▶ **PROBLEM**
Print word for word the first line of the listing below and every line after it, through the line with "The inner circumference". Leave out the pictures and the rest.

▶ **AVAILABLE DATA**
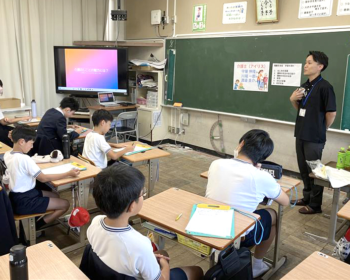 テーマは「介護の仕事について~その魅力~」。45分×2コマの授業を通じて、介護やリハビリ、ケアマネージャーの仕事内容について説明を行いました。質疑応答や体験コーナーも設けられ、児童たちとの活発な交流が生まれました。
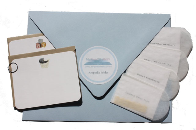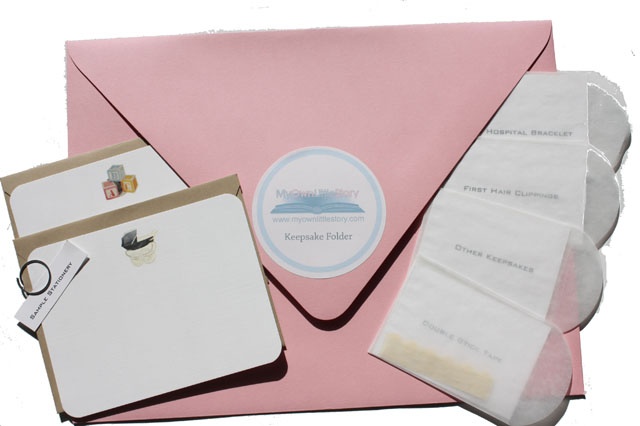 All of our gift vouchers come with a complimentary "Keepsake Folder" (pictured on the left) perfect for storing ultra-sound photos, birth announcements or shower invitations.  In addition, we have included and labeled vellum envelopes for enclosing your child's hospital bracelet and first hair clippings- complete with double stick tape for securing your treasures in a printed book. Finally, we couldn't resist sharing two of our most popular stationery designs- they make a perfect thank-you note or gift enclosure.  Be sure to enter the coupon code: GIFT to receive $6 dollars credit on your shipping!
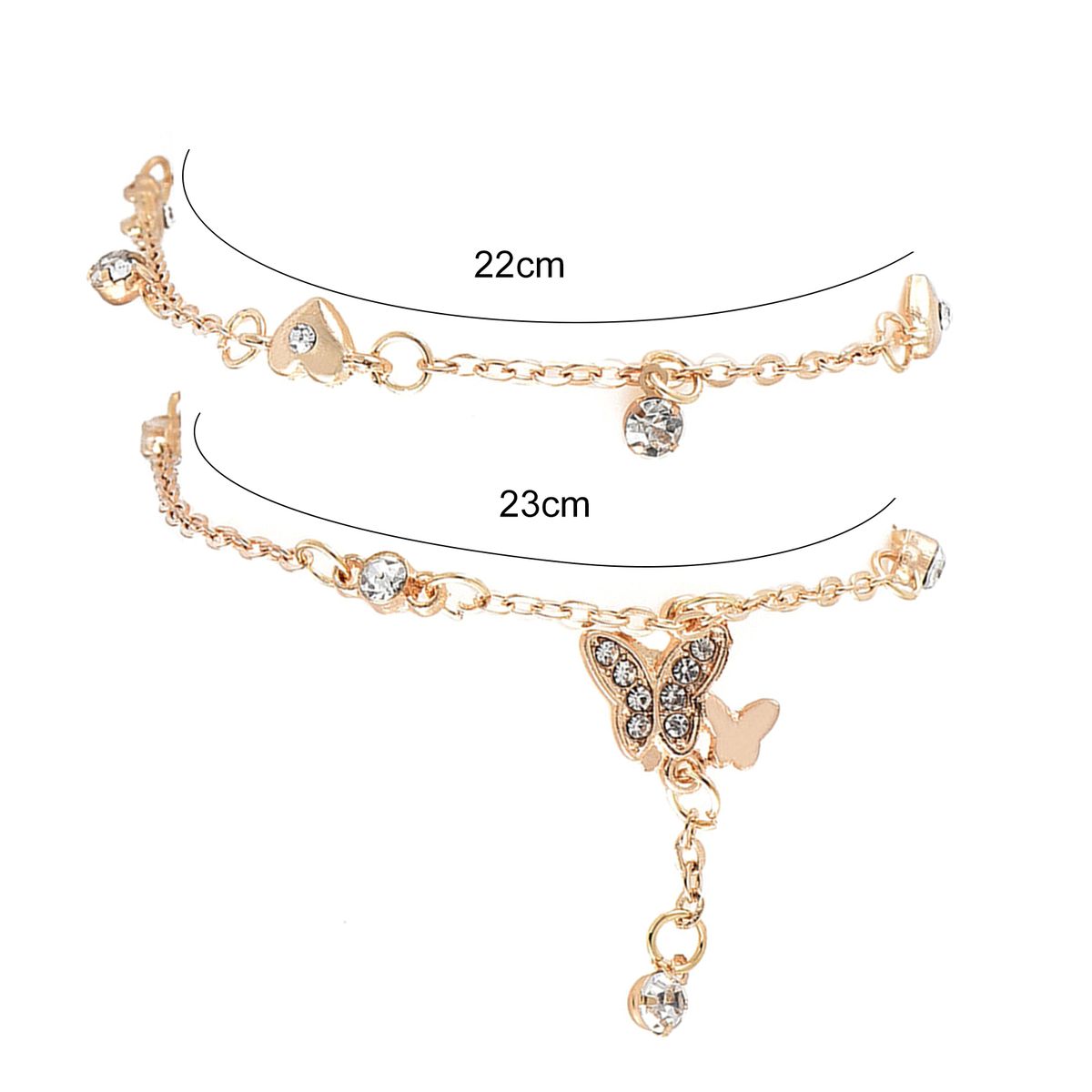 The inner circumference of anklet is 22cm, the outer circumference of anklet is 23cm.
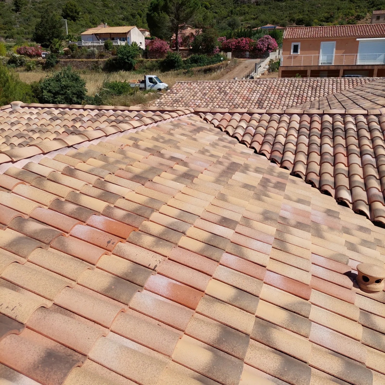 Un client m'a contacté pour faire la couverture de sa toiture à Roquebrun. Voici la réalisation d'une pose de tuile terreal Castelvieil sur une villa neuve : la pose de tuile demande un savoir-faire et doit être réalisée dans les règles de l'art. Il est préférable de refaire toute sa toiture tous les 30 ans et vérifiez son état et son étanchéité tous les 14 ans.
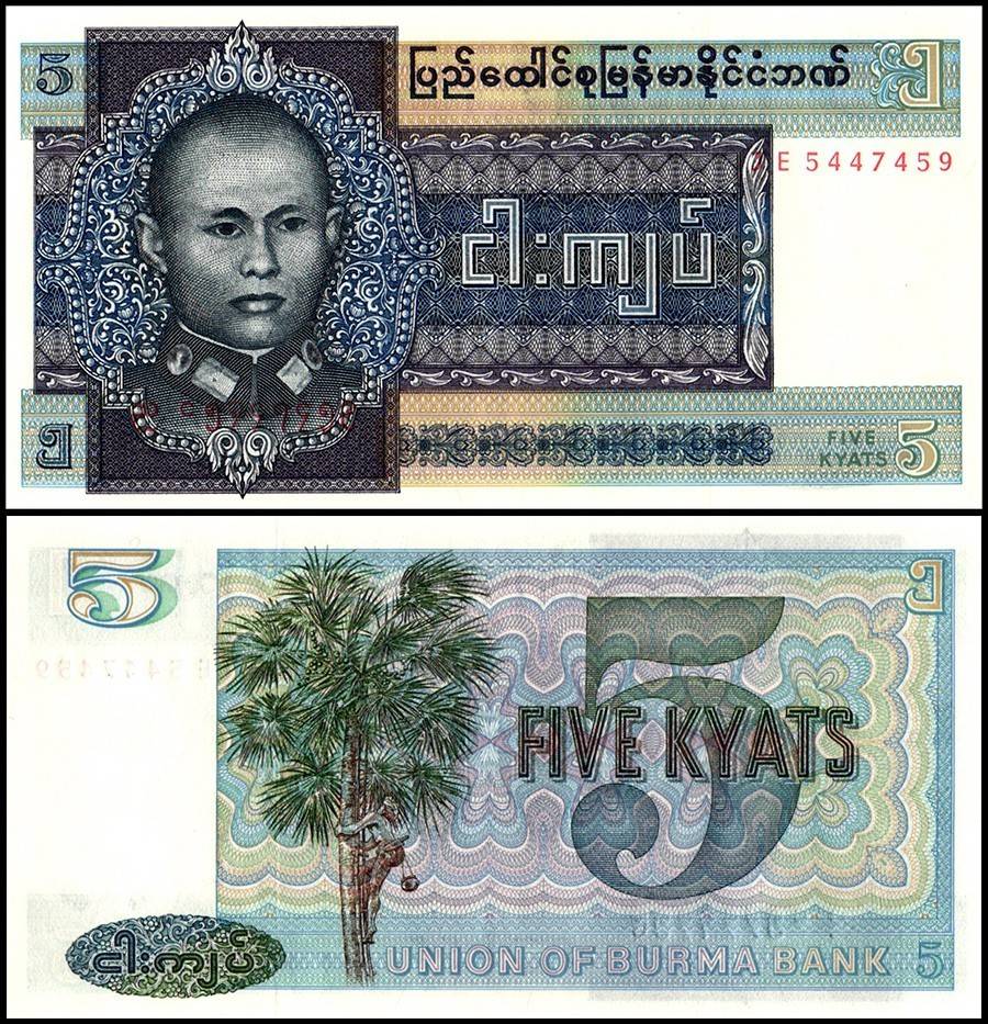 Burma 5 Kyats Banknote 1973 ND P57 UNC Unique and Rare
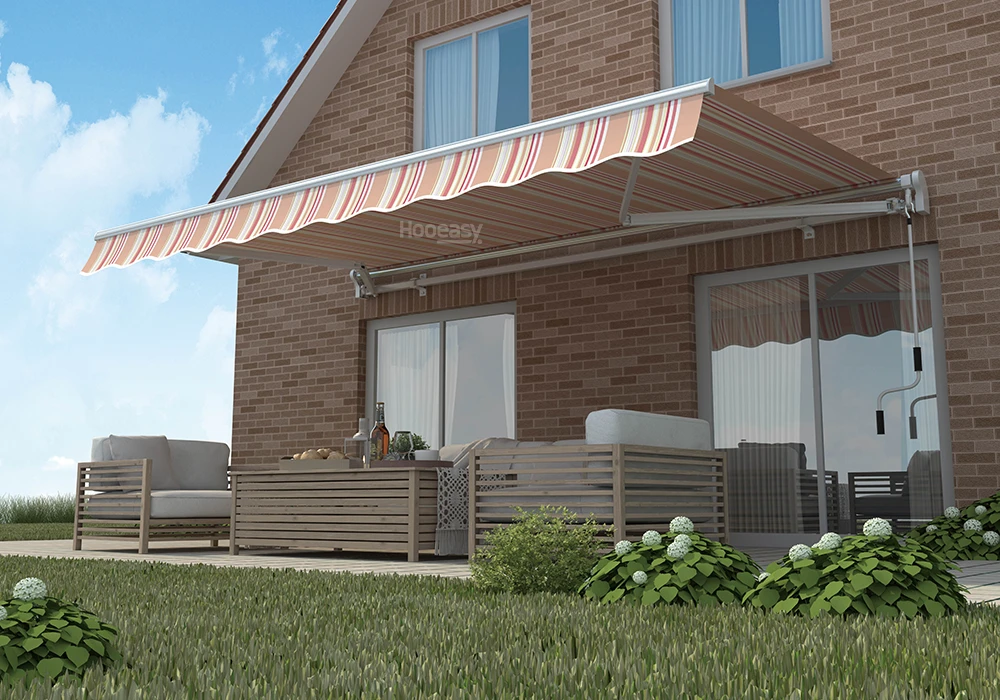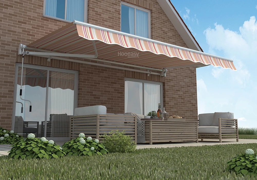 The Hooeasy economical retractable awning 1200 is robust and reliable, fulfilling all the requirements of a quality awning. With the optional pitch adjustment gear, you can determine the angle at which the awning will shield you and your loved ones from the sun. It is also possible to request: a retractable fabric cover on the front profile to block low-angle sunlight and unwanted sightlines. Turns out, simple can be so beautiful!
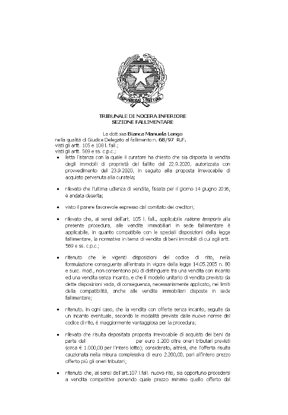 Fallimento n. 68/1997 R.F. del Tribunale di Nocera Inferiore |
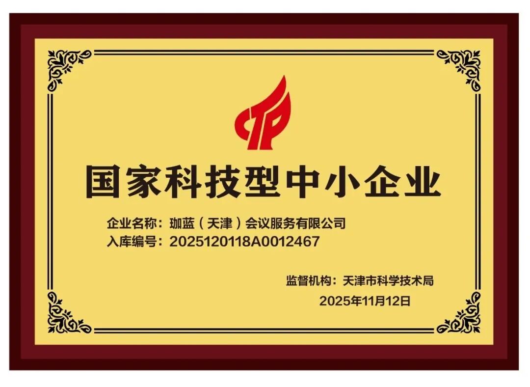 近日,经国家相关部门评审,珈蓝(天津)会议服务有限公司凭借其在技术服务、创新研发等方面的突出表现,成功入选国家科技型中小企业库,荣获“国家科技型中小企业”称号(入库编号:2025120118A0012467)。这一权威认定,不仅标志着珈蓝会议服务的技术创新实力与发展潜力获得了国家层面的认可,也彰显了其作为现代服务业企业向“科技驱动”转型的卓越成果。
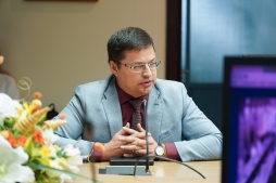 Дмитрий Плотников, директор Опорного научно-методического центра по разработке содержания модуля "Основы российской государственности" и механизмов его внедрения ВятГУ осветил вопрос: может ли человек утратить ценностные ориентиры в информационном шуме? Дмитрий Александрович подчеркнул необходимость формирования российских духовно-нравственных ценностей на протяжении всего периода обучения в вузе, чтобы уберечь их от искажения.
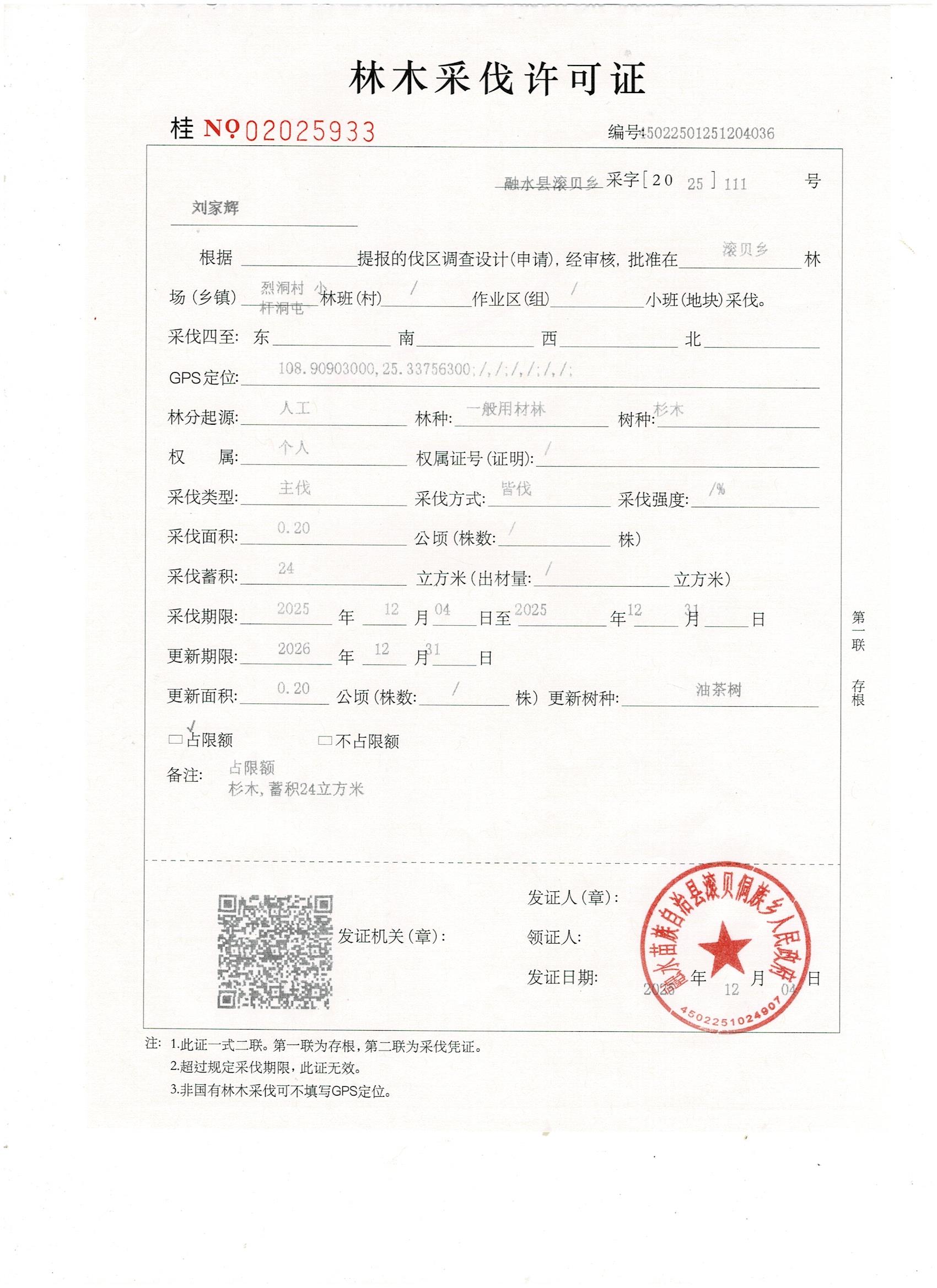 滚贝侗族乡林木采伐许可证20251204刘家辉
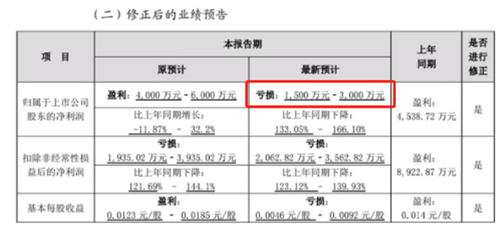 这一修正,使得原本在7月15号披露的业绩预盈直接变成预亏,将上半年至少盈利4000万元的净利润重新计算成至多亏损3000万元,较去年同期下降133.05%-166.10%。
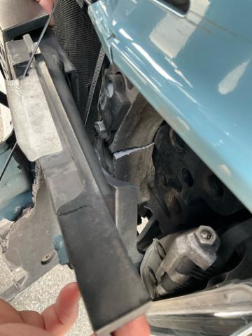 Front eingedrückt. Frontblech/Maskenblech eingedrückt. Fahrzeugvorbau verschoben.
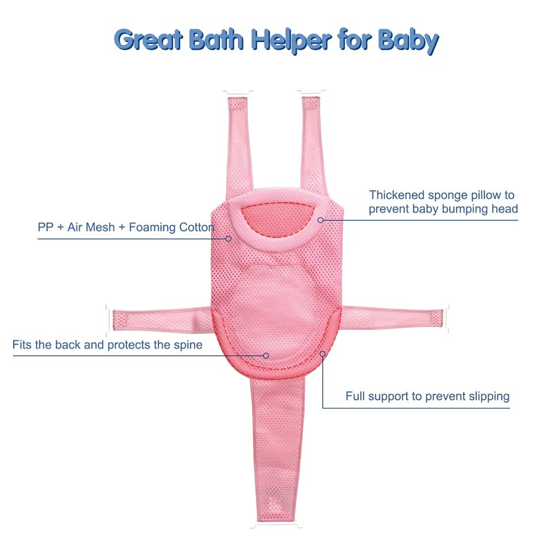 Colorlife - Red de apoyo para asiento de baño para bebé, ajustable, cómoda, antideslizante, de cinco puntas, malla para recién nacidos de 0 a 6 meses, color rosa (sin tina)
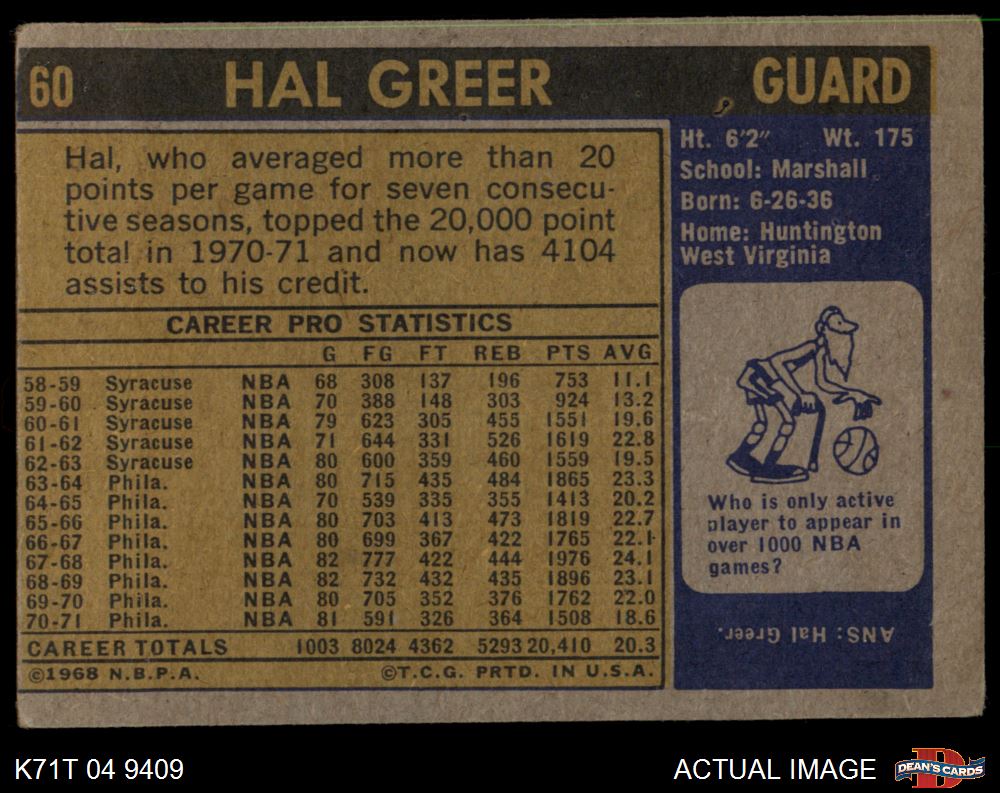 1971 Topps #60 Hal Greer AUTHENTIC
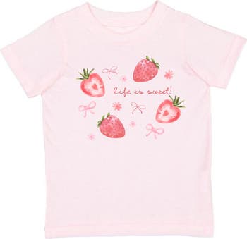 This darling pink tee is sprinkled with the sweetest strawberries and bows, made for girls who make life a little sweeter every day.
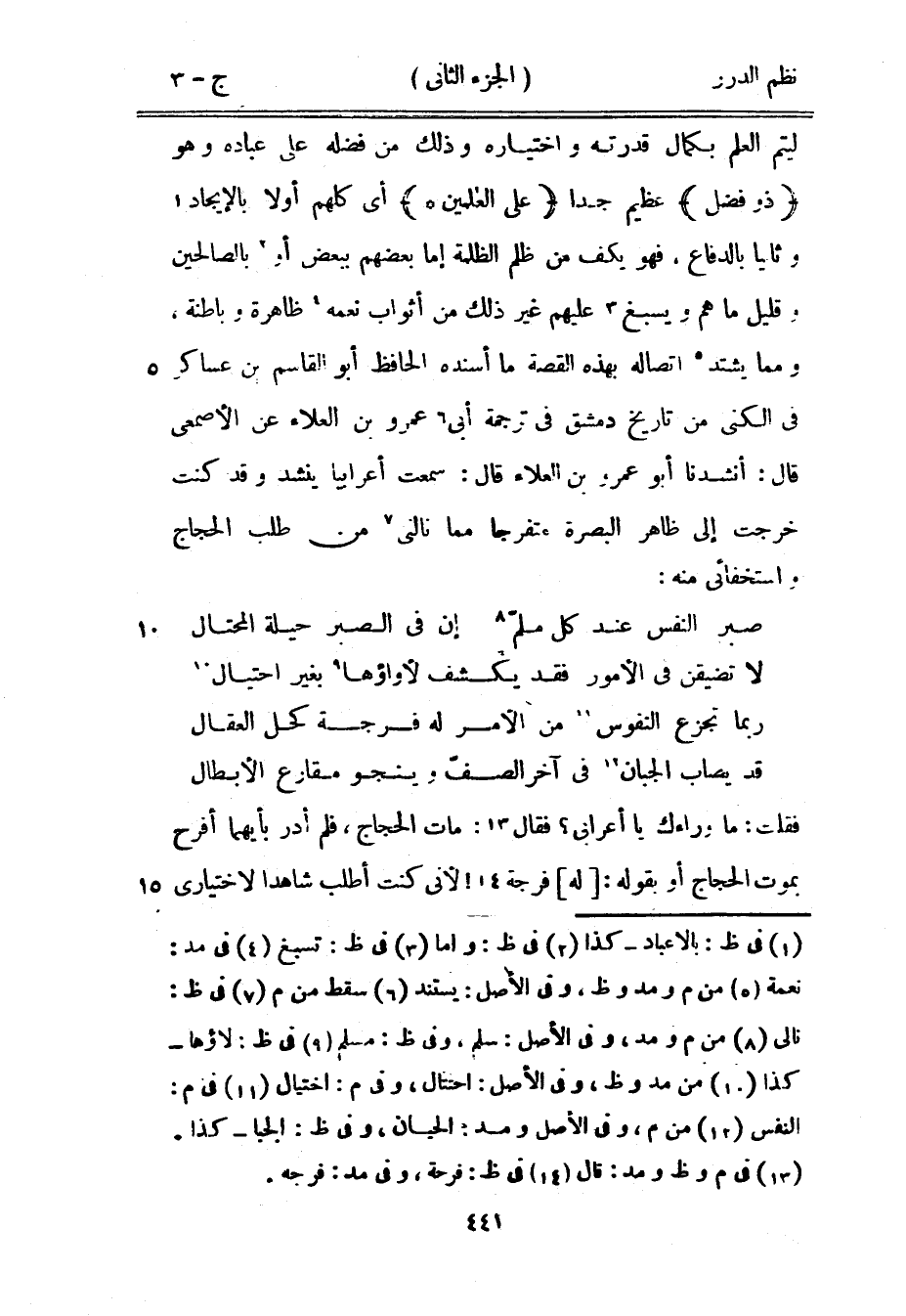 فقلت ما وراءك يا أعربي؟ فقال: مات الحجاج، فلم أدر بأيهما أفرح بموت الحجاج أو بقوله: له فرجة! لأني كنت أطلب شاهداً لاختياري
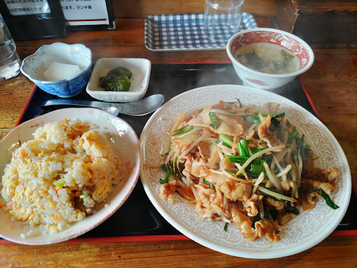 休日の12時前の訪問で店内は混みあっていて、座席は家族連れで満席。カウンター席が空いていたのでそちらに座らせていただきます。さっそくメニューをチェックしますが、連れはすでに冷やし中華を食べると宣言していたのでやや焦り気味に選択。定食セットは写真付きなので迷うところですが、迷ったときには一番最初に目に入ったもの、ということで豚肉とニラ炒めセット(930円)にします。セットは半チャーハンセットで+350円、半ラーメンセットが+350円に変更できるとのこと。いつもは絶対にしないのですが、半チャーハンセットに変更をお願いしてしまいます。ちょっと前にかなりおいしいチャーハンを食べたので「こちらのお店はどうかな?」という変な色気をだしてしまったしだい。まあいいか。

▶ **ANSWER TO THIS EXERCISE**
 テーマは「介護の仕事について~その魅力~」。45分×2コマの授業を通じて、介護やリハビリ、ケアマネージャーの仕事内容について説明を行いました。質疑応答や体験コーナーも設けられ、児童たちとの活発な交流が生まれました。
 All of our gift vouchers come with a complimentary "Keepsake Folder" (pictured on the left) perfect for storing ultra-sound photos, birth announcements or shower invitations.  In addition, we have included and labeled vellum envelopes for enclosing your child's hospital bracelet and first hair clippings- complete with double stick tape for securing your treasures in a printed book. Finally, we couldn't resist sharing two of our most popular stationery designs- they make a perfect thank-you note or gift enclosure.  Be sure to enter the coupon code: GIFT to receive $6 dollars credit on your shipping!
 The inner circumference of anklet is 22cm, the outer circumference of anklet is 23cm.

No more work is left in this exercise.